Step,Training Loss,Validation Loss



## Quick generation sanity check

Finally, run `model.generate` on one synthetic sample to ensure decoding works through the tokenizer and the output maintains the expected structure.


In [15]:

model.eval()
with torch.no_grad():
    batch = collate_keyboard_batch([val_dataset[0]])
    input_features = batch['input_features'].to(DEVICE)
    generated_ids = model.generate(
        input_features=input_features,
        max_length=32,
        bos_token_id=processor.tokenizer.bos_token_id,
        eos_token_id=processor.tokenizer.eos_token_id,
        pad_token_id=processor.tokenizer.pad_token_id,
    )[0].cpu().tolist()

print('Generated token ids:', generated_ids)
print('Decoded events:', processor.tokenizer.decode_events(generated_ids))


  audio, _ = librosa.load(pair['audio_path'], sr=16000)
	Deprecated as of librosa version 0.10.0.
	It will be removed in librosa version 1.0.
  y, sr_native = __audioread_load(path, offset, duration, dtype)
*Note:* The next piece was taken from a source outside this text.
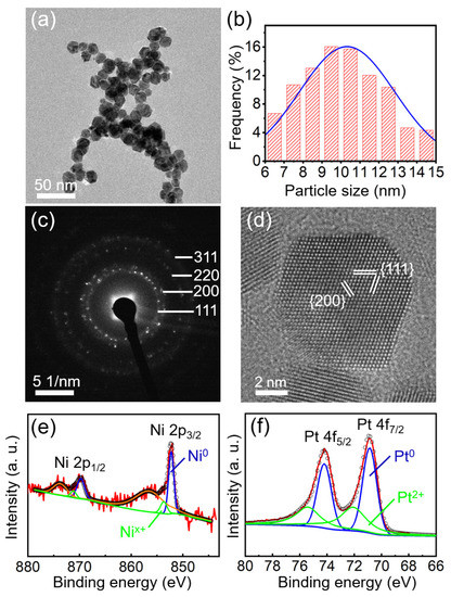 The XPS spectra of Ni (Figure 1e) and Pt (Figure 1f) were calibrated using the C 1s peak at a binding energy of 284.6 eV as a reference. Three pairs of double peaks can be fitted in Figure 1e: Ni0, Nix+, and the Ni−satellite peaks [15]. The peaks located at 869.73 and 852.24 eV correspond to Ni 2p1/2 and Ni 2p3/2, respectively. According to the XPS handbook, the Nix+ peaks, located at 871.24 and 853.75 eV, can be assigned to oxidized Ni (Ni2+) [33]. Similarly, for the Pt 4f spectrum shown in Figure 1f, two pairs of double peaks can be fitted, which are attributed to metallic Pt0 peak (74.22 and 70.89 eV), and the Pt2+ peak (75.48 and 72.15 eV) in PtO or Pt(OH)2 [15,31,34]. It is noted that the XPS signal of Ni is weaker than that of Pt, presumably suggesting the lower Ni content or the Ni−scarce surface of the NPs. After all, as a surface analysis technique, XPS can only probe the elemental signals from the top few nanometers of the analyzed samples.

Generated token ids: [0, 0, 0, 0, 0, 0, 0, 0, 0, 0, 0, 0, 0, 0, 0, 0, 0, 0, 0, 0, 0, 0, 0, 0, 0, 0, 0, 0, 0, 0, 0]
Decoded events: []



The notebook now mirrors the updated spec: it mandates the `transformers` stack for Whisper, uses `WhisperProcessor` + `WhisperForConditionalGeneration`, applies LoRA via `peft`, drives training with `Seq2SeqTrainer`, and validates the custom tokenizer before entering the training loop.